For the VQE algorithm to work it is assumed that the Hamiltonian can be decomposed into a sum of Pauli constituents. Inspired by an implementation for 2 qubits on the quantum Slack channel I thought I'd try to implement a general decomposition algorithm in Julia.
From Wikipedia:
...the Pauli matrices are a set of three 2 × 2 complex matrices which are Hermitian and unitary.
...together with the identity matrix $I$ (sometimes considered as the zeroth Pauli matrix $σ_0$), the Pauli matrices form a basis for the real vector space of 2 × 2 Hermitian matrices. This means that any 2 × 2 Hermitian matrix can be written in a unique way as a linear combination of Pauli matrices, with all coefficients being real numbers.
First we need to define the Pauli matrices.
$$ \sigma_0 = I = \begin{pmatrix} 1 & 0 \\ 0 & 1 \end{pmatrix}, \sigma_1 = \sigma_x = \begin{pmatrix} 0 & 1 \\ 1 & 0 \end{pmatrix}, \sigma_2 = \sigma_y = \begin{pmatrix} 0 &-i \\ i & 0 \end{pmatrix}, \sigma_3 = \sigma_z = \begin{pmatrix} 1 & 0 \\ 0 &-1 \end{pmatrix}. $$In Julia code this becomes:
σ₀=[1 0; 0 1]
σ₁=[0 1; 1 0]
σ₂=[0 -im; im 0]
σ₃=[1 0; 0 -1]
σ = [σ₀, σ₁, σ₂, σ₃];
Taking the wikipedia article at face value, for a 2x2 matrix $H$ the decomposition would be:
$$ H = \sum_{i=0,x,y,z} a_{i} \sigma_i, \quad a_{i,j} = \frac{1}{2} tr\left( \sigma_i H \right) $$Let's try it with a random matrix with real entries.
using LinearAlgebra # For the trace and kron operations
temp = rand(2,2)
H = 0.5(temp+temp')
a = [tr(σ[i]*H) for i in 1:4]/2
@assert H ≈ sum(a[i]*σ[i] for i in 1:4)
So it works!
What about a Hermitian matrix with complex entries?

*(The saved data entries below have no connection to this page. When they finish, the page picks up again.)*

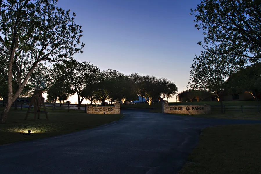Crooked Creek Ranch offers a large scale of camp, equestrian, hunting and entertainment potential. This domain is established on 1,000 acres of beautifully diverse topography. The Rolling Highlands blend into the fertile pecan bottoms in which Bear Creek meanders through. Overlooking Bear Creek, the peaceful opulent Main Lodge nestles perfectly amongst large oak and pecan trees.. Within Bear Creek, the area also offers a beautiful park and active skeet range. Traveling up the hill, the expansive covered arena and event center, with commercial kitchen, provide endless entertainment options. Throughout the ranch, accommodations are provided for upwards of 65 Guests. The possibilities are immeasureable with amenities to meet everyone's desires. All within 15 min to the closets jet strip.Call Mike at 512 784-3484 for your private showing.
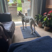 Female, white with brown spot left side, left ear gray! Must prove ownership!
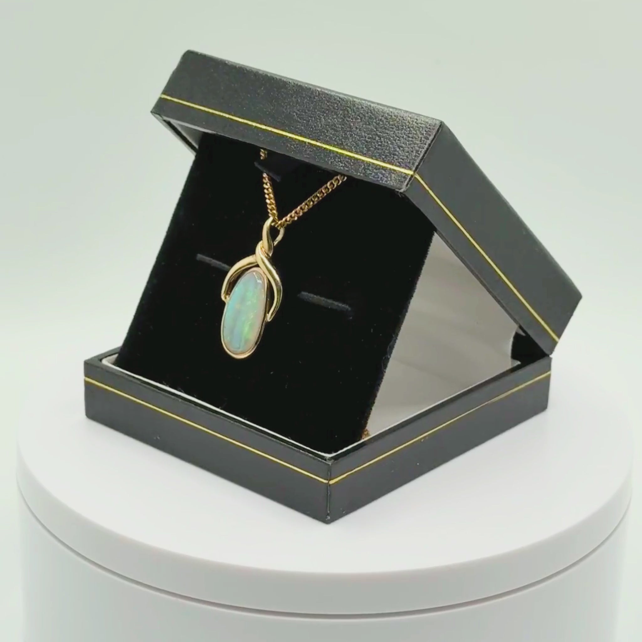 Adorn your neckline with this captivating opal set pendant, crafted in warm 9ct yellow gold. The centrepiece is a stunning oval-shaped opal (approx. 16mm x 8mm), renowned for its mesmerising play of colour.
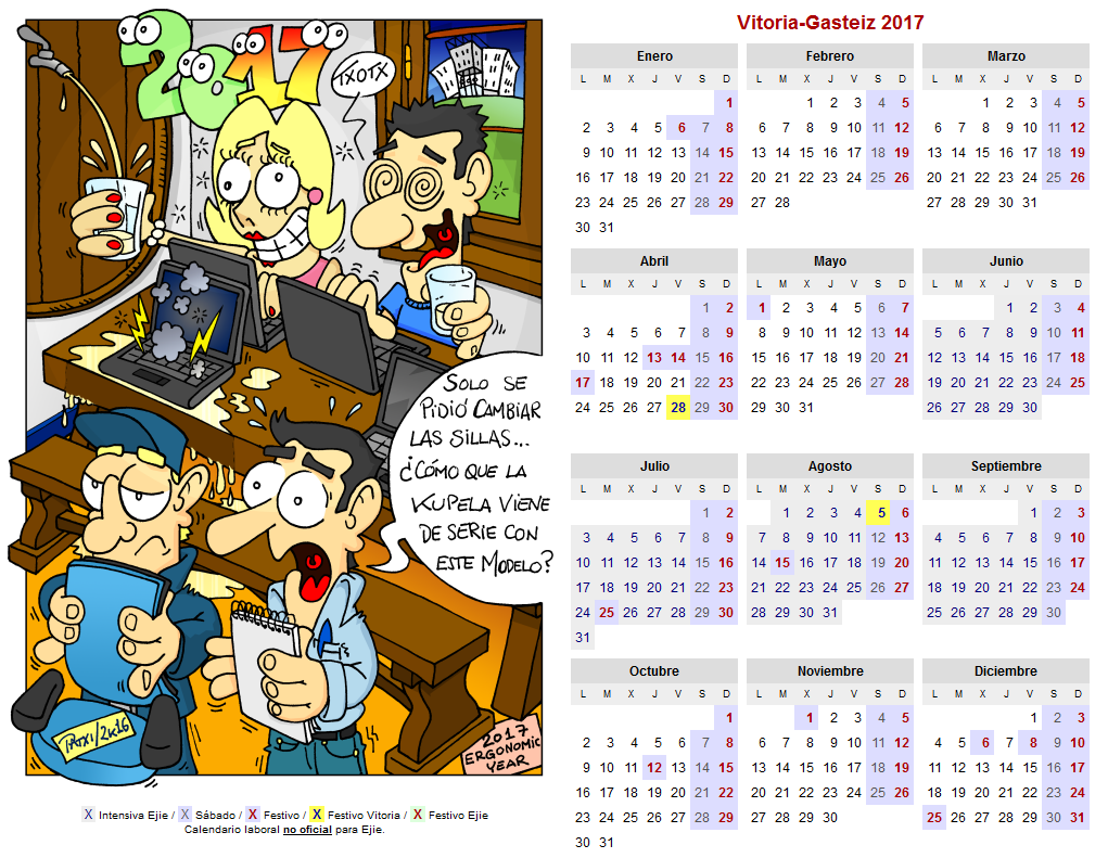 2017: Ergonomic year... y aquí el calendario de 2017 para el que está pensado el dibujo: Para Vitoria-Gasteiz, marcado con los festivos y jornadas intensivas correspondientes al calendario laboral de Ejie. Referencias: La ruta de la sidra (Turismo Euskadi) Sidra de Euskadi. Espuma del Cantábrico (Guía Repsol)
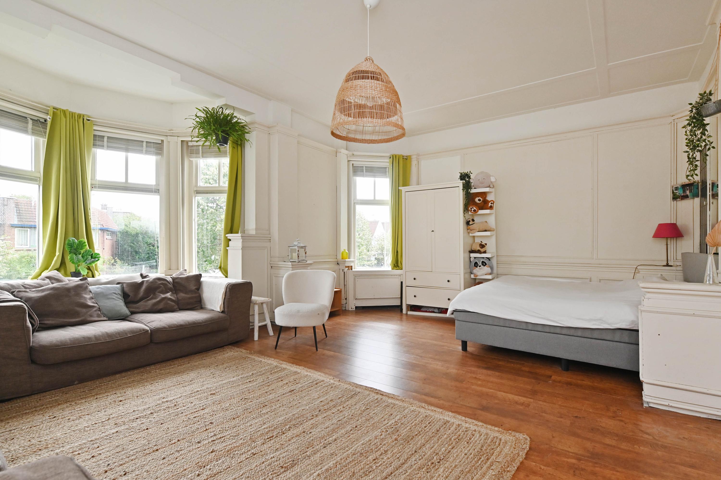 Spacious (ca. 285m2) end-of-terrace house with 7 bedrooms, 2 bathrooms, garden on 3 sides, and a driveway set on a wide, tree-lined street in historic Voorburg.
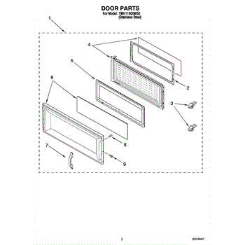 Color: Black. This is the panel located between the inner and outer microwave door panel.

temp = rand(ComplexF64, 2,2)
H = 0.5(temp+temp')
a = [tr(σ[i]*H) for i in 1:4]/2
@assert H ≈ sum(a[i]*σ[i] for i in 1:4)
That works too!
What about larger dimensions? From this blog post I found the formula:
$$ H = \sum_{i,j=0,x,y,z} a_{i,j} \left( \sigma_i \otimes \sigma_j \right), \quad a_{i,j} = \frac{1}{4} tr\left[\left( \sigma_i \otimes \sigma_j \right) H \right] $$This means that $a$ is a $4\times4$ matrix containing all the combinations of two Pauli matrices. This translates very easily into Julia.
⊗ = kron
temp = rand(ComplexF64, 4,4)
H = 0.5(temp+temp')
a = [tr((σ[i]⊗σ[j])*H) for i in 1:4, j in 1:4]/4
@assert H ≈ sum(a[i,j]*(σ[i]⊗σ[j]) for i in 1:4, j in 1:4)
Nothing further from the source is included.